- [EXERCISE INSTRUCTIONS]
Hand back every line from the beginning of the data below through the line containing "Boden Red Fluffy", word for word and free of pictures.

STUDY MATERIAL Block Start

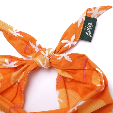 Dreamland - palm trees at the beach on a vibrant sun-bright orange day. Tailor cut dog bandanas, sized & ready to wear.
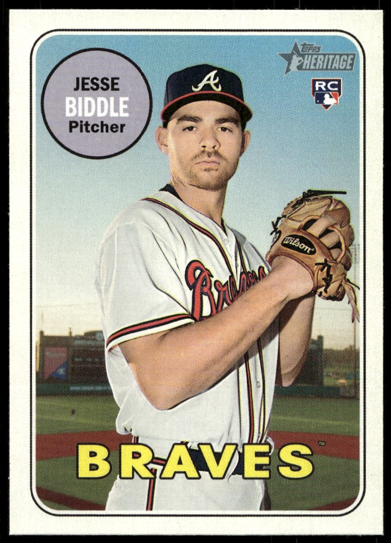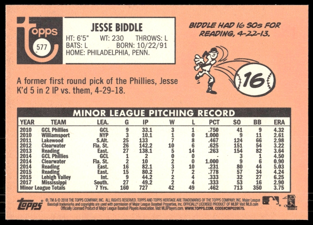 This BaseballΒ card, from 2018 is part of the Topps Heritage High NumberΒ card set. Jesse Biddle is featured and has a card number of 577.
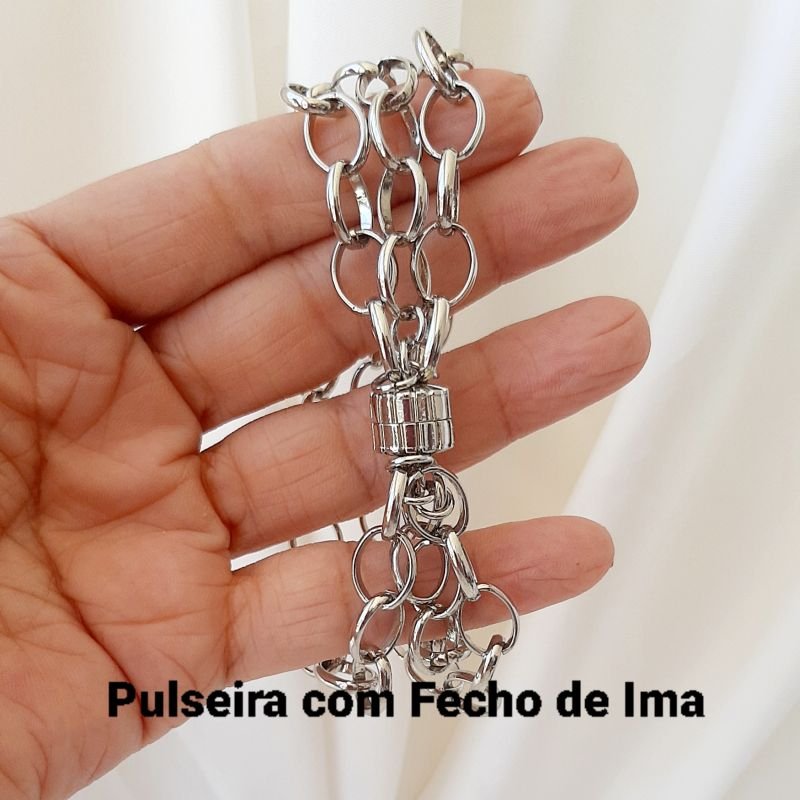 O segredo dessa pulseira é o fecho de ima. Para colocar basta aproximar as 2 extremidades .Fica linda , bem justinha no pulso mas não aperta . Mede 19 cm . super indicada para as meninas de pulso pequeno . São 3 correntes de elos
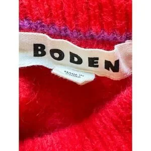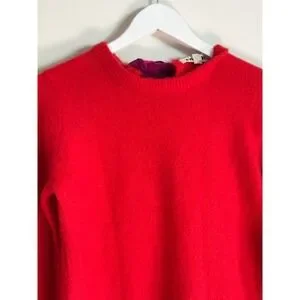 Boden Red Fluffy Bow Back Jumper Sweater Velvet Tie Women's Size XS
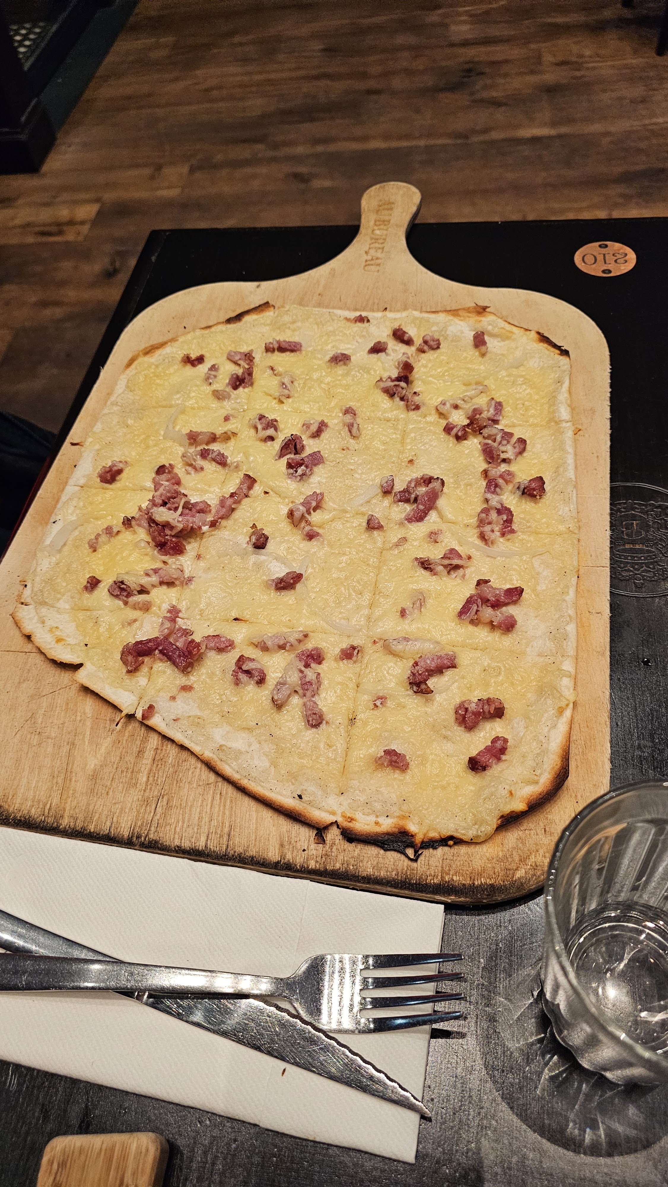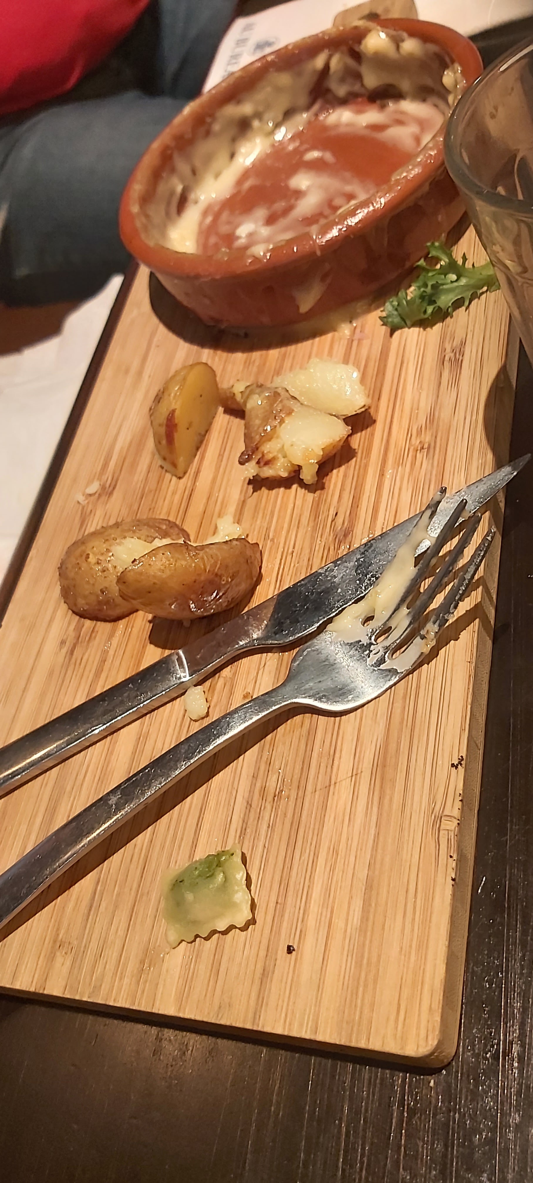 Cadre sympa et personnel agréable. Nous avons attendu 40mn pour être servis, il n'y avait pourtant presque personne. Mon plat (flam old school)est arrivé presque froid(je n'ai eu aucun pb pour qu'il soit réchauffé). Ma femme a pris une smoky fondue party, son fromage était trop cuit, presque solide et les croutons tout petits. On ne pouvait pas piquer dedans parce que les bouts de pain étaient tout durs: la fondue est à éviter. On a arrêté là. C'est dommage, à cause de cette entrée difficile on a laissé le plat principal et le dessert pour une autre adresse. Nous ne pensons par revenir.
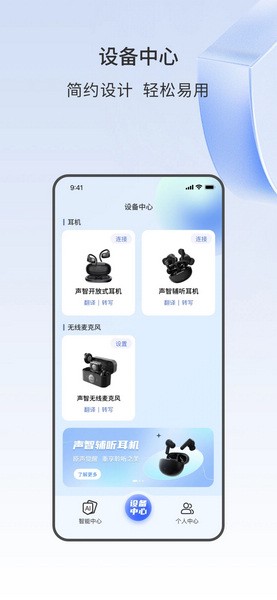 操作便捷 | 简约设计帮助用户快速掌握声智灵耳、领夹麦克风等智能设备连接和操作,轻松易用
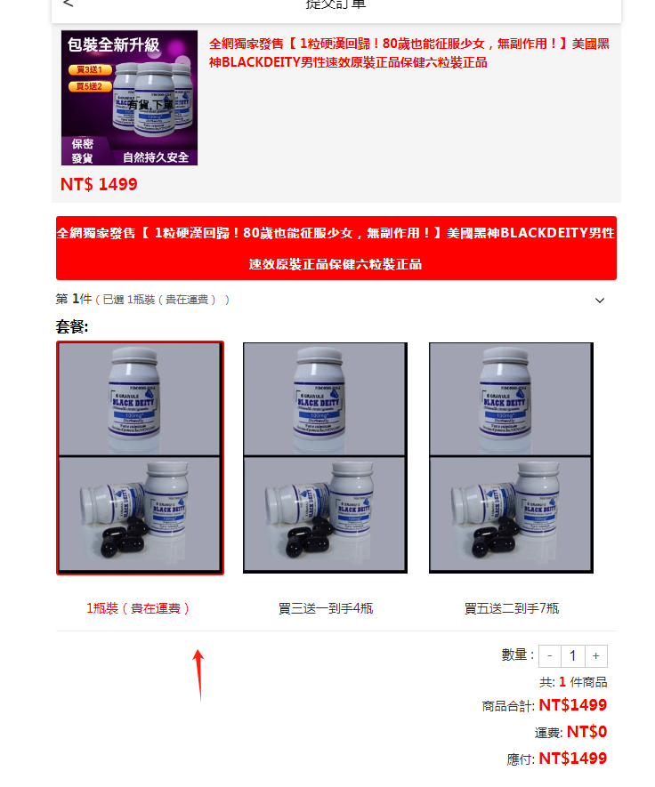 ①美國黑神1瓶+②印度黑馬1粒+③威爾剛1粒
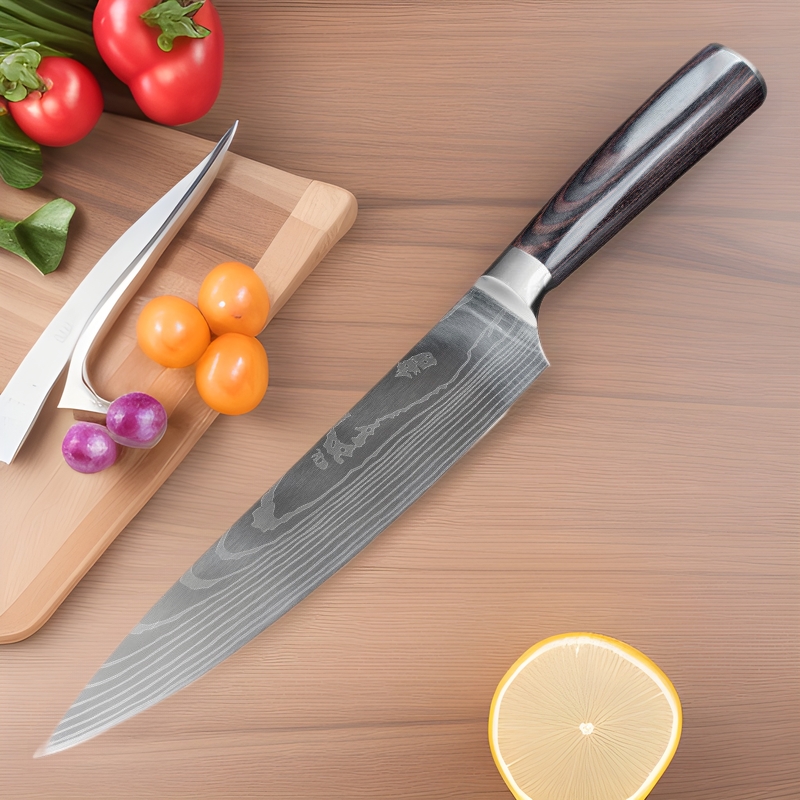 8inch ダマスカス鋼木製ハンドルシェフナイフスライスナイフキッチン肉ナイフ馬蹄ハンドルナイフクロスボーダー配送
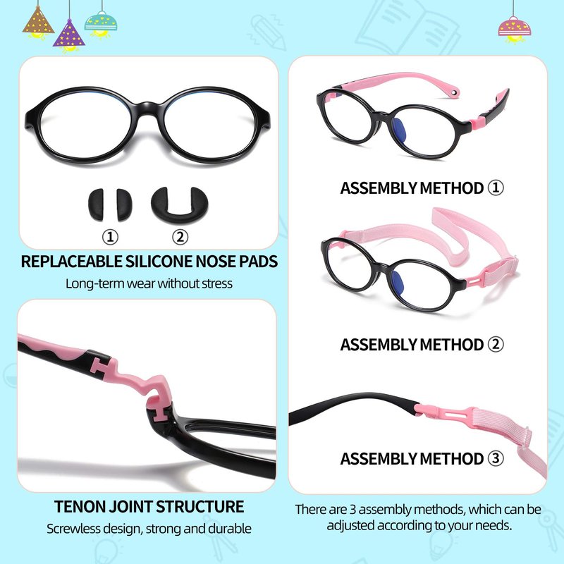 - đăCUTE FASHIONABLE FRAMESă-- TR90 composite frame offers superior lightweight, impact resistance, temperature resistance, wearing comfort, and aesthetic pleasant. Your kids will love wearing these cool protective glasses for digital time and also as a fashion statement.
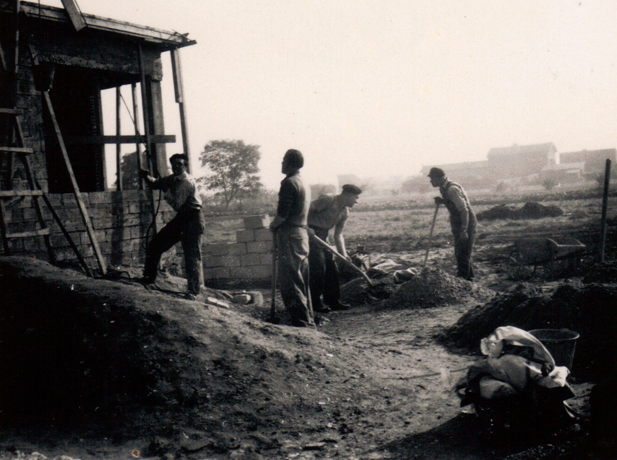 Дзесь ўлетку 1952 году мы знайшлі лапік зямлі ў мястэчку Сартрувіль, якое знаходзіцца за 12 кілямэтраў на паўночны захад ад мяжы Парыжу. Паколькі грошай не было, тата вырашыў будаваць этапамі двухпавярховы дом, бо ўчастак быў пасьля падзелу даволі вузкі. Спачатку адзін пакой, куды можна было б адразу перабрацца, а за грошы, заашчаджаныя на кватэры, кожныя два тыдні купляць будаўнічы матэрыял — цэмэнт, пясок, цэглу, жалеза, а пазьней вокны, дзьверы, падлогу і г. д., і памаленьку — з жонкай і дзецьмі — будаваць...
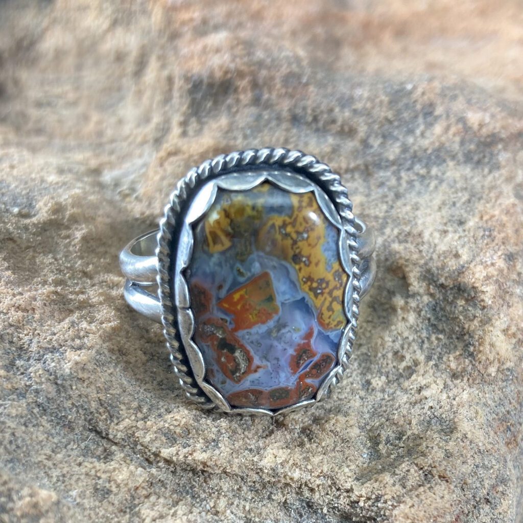 I began serious pursuit of the visual arts after moving to New Mexico in 2007, when I began drawing and depicting realistic form in still life, florals and architecture. As my interest in color grew, I added watercolor and acrylic to my repertoire. But a workshop in abstract painting techniques is where I discovered my true vehicle for creative expression. Working intuitively, I layer gesso, acrylic paint and texture to activate the painting’s surface. Line, color, and marking define shapes and structure. My latest work employs metal fabrication, in which I create jewelry and hair accessories through soldering, hammering, and patinas.
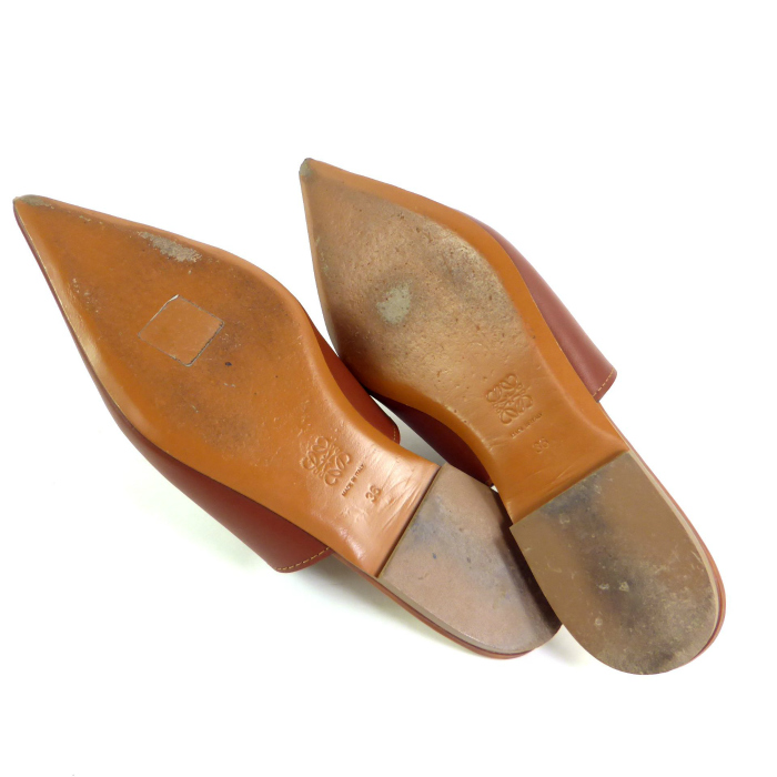 ロエベ (LOEWE) レザー ミュール サンダル ポインテッドトゥ #36 ブラウン 靴 シューズ(中古) 收藏

STUDY MATERIAL Block End

- [SOLUTION FOR THIS PROBLEM]
 Dreamland - palm trees at the beach on a vibrant sun-bright orange day. Tailor cut dog bandanas, sized & ready to wear.
 This BaseballΒ card, from 2018 is part of the Topps Heritage High NumberΒ card set. Jesse Biddle is featured and has a card number of 577.
 O segredo dessa pulseira é o fecho de ima. Para colocar basta aproximar as 2 extremidades .Fica linda , bem justinha no pulso mas não aperta . Mede 19 cm . super indicada para as meninas de pulso pequeno . São 3 correntes de elos
 Boden Red Fluffy Bow Back Jumper Sweater Velvet Tie Women's Size XS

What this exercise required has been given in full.